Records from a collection
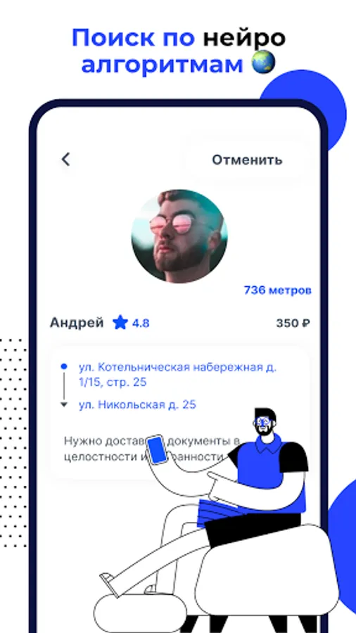 After you find the nearest courier nearby, the order will take effect. You can call the courier if you have questions, as well as cancel the order in case of loss of contact with him or for personal reasons. Payment to the courier is in cash or by card. After successful completion of the order, be sure to evaluate the work of the courier - this review helps to regulate the rating and the work of the courier. Thank you for your attention!
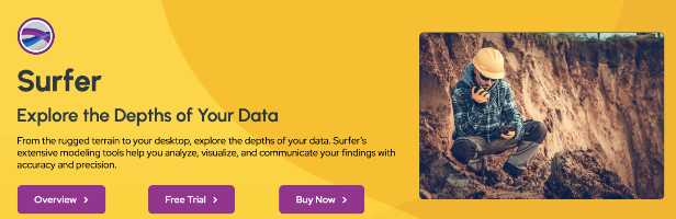 Surfer は柔軟で使いやすい等高線・3D 地表マップ作成ツールです。収集したデータを、Surfer の豊富なツールを活用して、正確さと精度を保ちながら高画質の 2D&3D マップやモデルとして表示できます。複雑な地理空間データセットを解釈し、明快で理解しやすいモデルに変換します.
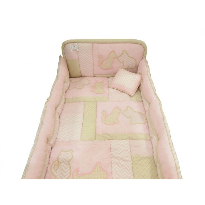 DimensionesSábana plana: 135 cm x 180 cm Sábana cajón: 135 cm x 160 cm Funda almohada: 27 cm x 42 cm Colchoneta: 95 cm x 140 cm Cabecera: 95 cm x 50 cm Protector: 400 cm x 28 cm Cojín decorativo: 32 cm x 25 cm
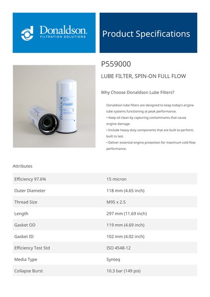 Why Choose Donaldson Lube Filters?Donaldson lube filters are designed to keep today’s engine lube systems functioning at peak performance.
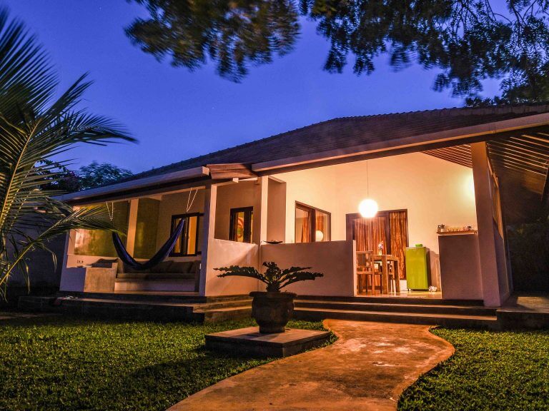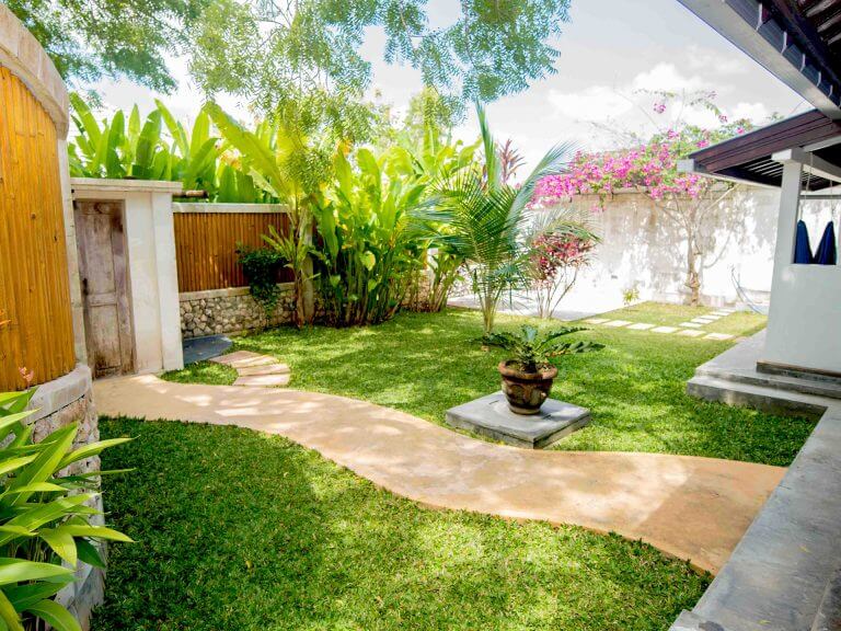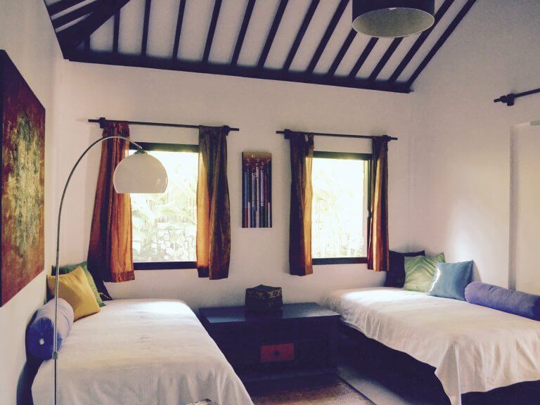 Obendrauf gibt es noch eine Sportfläche, auf der ich morgens gerne Yoga gemacht habe. Sie ist der höchste Punkt auf dem Grundstück und überdacht, sodass man im Schatten sein Sportprogramm absolvieren kann. Was uns auch sehr gut gefallen hat waren die vielen schönen Pflanzen und Palmen. Es macht alles noch viel paradiesischer. Außerdem weht dort immer ein leichter Wind, der die heißen Tage viel erträglicher macht. Die Luft steht nicht so wie zB in Seminyak oder Canggu. Etwas schade war, dass das Wlan nicht wirklich funktioniert hat. In den Villen könnte der Empfang besser sein und oft lag es an der Verbindung selbst (wahrscheinlich bedingt durch Kabelarbeiten). Bis auf diesen Punkt war aber alles absolut perfekt! Wir haben uns rund um die Uhr sicher und wohl gefühlt und es viel uns sehr schwer, nach einem Monat weiterzuziehen. Vor allem, da wir nach zwei Wochen angeboten bekamen, in die größere Villa nebenan einzuziehen. Beide Villen waren sehr sauber, gepflegt und man hat einfach gemerkt, dass hier rund um die Uhr jemand an der Arbeit ist, um die Häuser in Stand zu halten und zu pflegen.
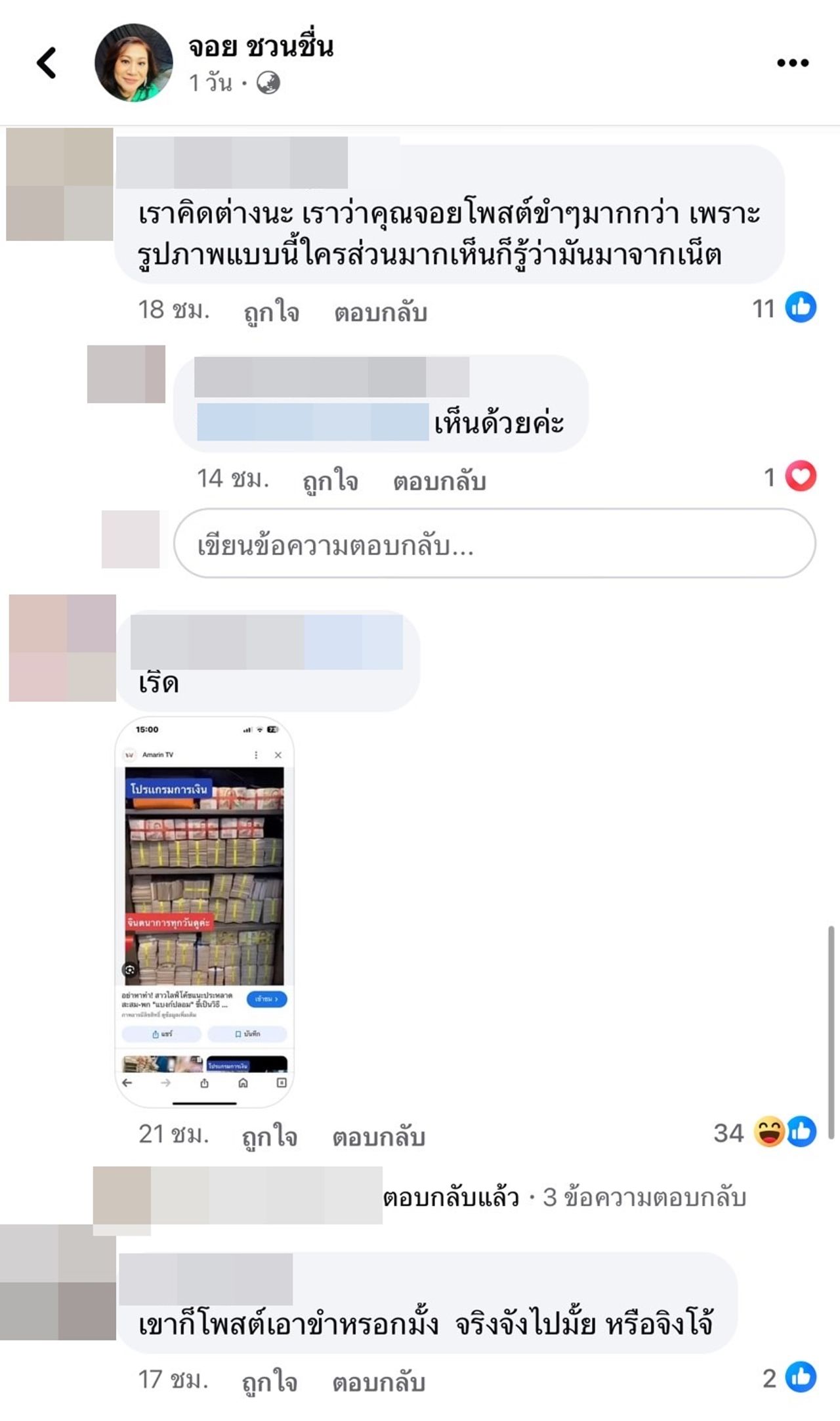 นอกจากนี้ก็มีแฟนๆ เข้ามาแสดงความคิดเห็นเพิ่มเติม อาทิ เห็นด้วยครับ จอยก็แค่ทำ content ขำๆ ไม่ได้เป็นพิษเป็นภัยใคร จะมาดราม่ากันทำไม!!, เราคนนึงเห็นคนลงเยอะในเฟซ พอมาเห็นทางนี้เลยเฉยๆ มันไม่ใช่เคสแรก บางคนส่งแทบทุกวัน ในตอนเช้าๆ สวัสดีพร้อมภาพเหล่านี้, คือถ้ามันมีประโยคว่า นี่เงินของเรา จำนวน.... อะไรว่าไป แบบไม่ลอยๆ แบบนี้อันนั้นค่อยน่าตำหนิเหมือนหลอกลวง นี่เหมือนคนจ้องติจ้องว่า ลูกอิช่างติเยอะค่ะในนี้ บางอย่างถ้าไม่ได้เดือดร้อนใครแบบผิดกฎหมาย เราว่า ปล่อยเขาไปบ้างเถอะเนอะ ฯลฯ
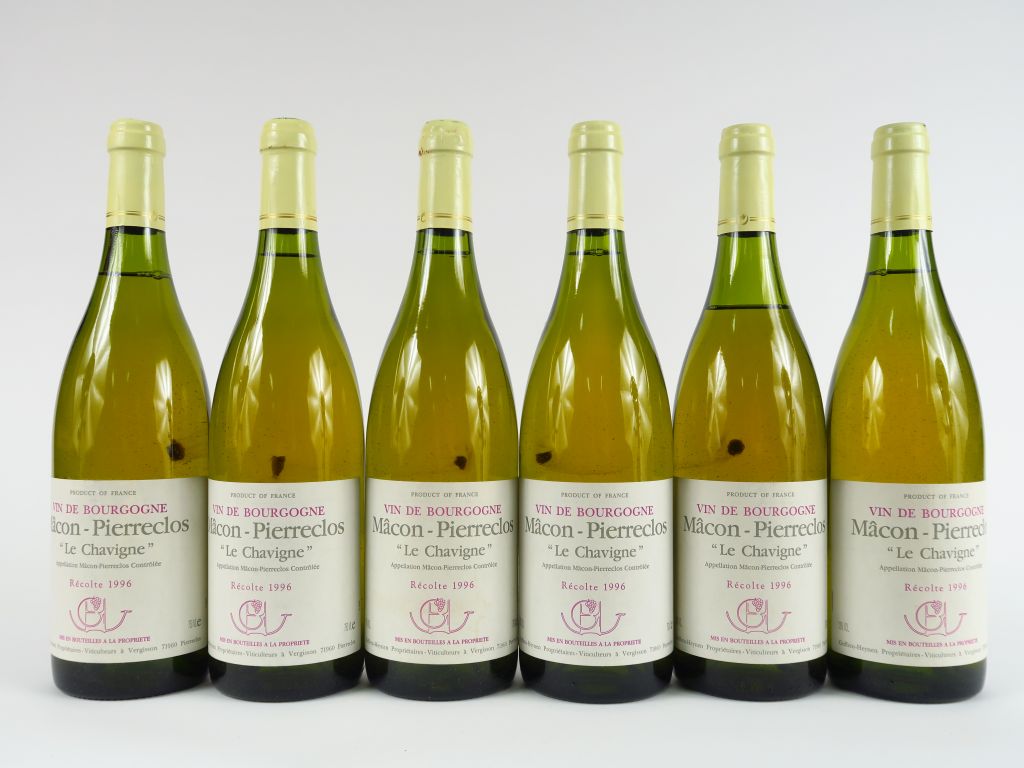Lot de 6 BOUTEILLES MACON-PIERRECLOS 'LE CHAVIGNE' GUFFENS HEYNEN - 1996 au prix de 80 à 100 € en vente aux enchères par l'hôtel des ventes Primardeco
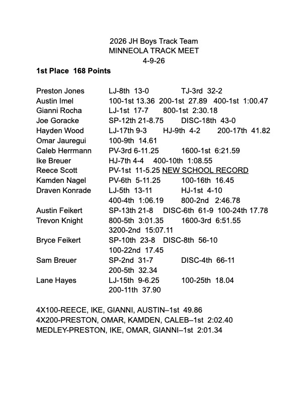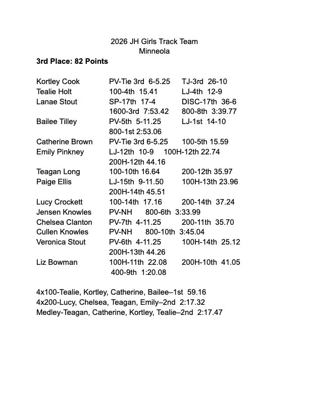 Please see the attached Junior High Track Results from their track meet at Minneola last week.

• **INSTRUCTIONS FOR THE TASK**
Starting at the line above that holds "Surfer は柔軟で使いやすい等高線・3D 地表マップ作成ツールです。収集したデータを、Surfer", return each line up to and including the one that holds "Obendrauf gibt es", exactly as written, minus any pictures.

• **OUTPUT BELOW**
 Surfer は柔軟で使いやすい等高線・3D 地表マップ作成ツールです。収集したデータを、Surfer の豊富なツールを活用して、正確さと精度を保ちながら高画質の 2D&3D マップやモデルとして表示できます。複雑な地理空間データセットを解釈し、明快で理解しやすいモデルに変換します.
 DimensionesSábana plana: 135 cm x 180 cm Sábana cajón: 135 cm x 160 cm Funda almohada: 27 cm x 42 cm Colchoneta: 95 cm x 140 cm Cabecera: 95 cm x 50 cm Protector: 400 cm x 28 cm Cojín decorativo: 32 cm x 25 cm
 Why Choose Donaldson Lube Filters?Donaldson lube filters are designed to keep today’s engine lube systems functioning at peak performance.
 Obendrauf gibt es noch eine Sportfläche, auf der ich morgens gerne Yoga gemacht habe. Sie ist der höchste Punkt auf dem Grundstück und überdacht, sodass man im Schatten sein Sportprogramm absolvieren kann. Was uns auch sehr gut gefallen hat waren die vielen schönen Pflanzen und Palmen. Es macht alles noch viel paradiesischer. Außerdem weht dort immer ein leichter Wind, der die heißen Tage viel erträglicher macht. Die Luft steht nicht so wie zB in Seminyak oder Canggu. Etwas schade war, dass das Wlan nicht wirklich funktioniert hat. In den Villen könnte der Empfang besser sein und oft lag es an der Verbindung selbst (wahrscheinlich bedingt durch Kabelarbeiten). Bis auf diesen Punkt war aber alles absolut perfekt! Wir haben uns rund um die Uhr sicher und wohl gefühlt und es viel uns sehr schwer, nach einem Monat weiterzuziehen. Vor allem, da wir nach zwei Wochen angeboten bekamen, in die größere Villa nebenan einzuziehen. Beide Villen waren sehr sauber, gepflegt und man hat einfach gemerkt, dass hier rund um die Uhr jemand an der Arbeit ist, um die Häuser in Stand zu halten und zu pflegen.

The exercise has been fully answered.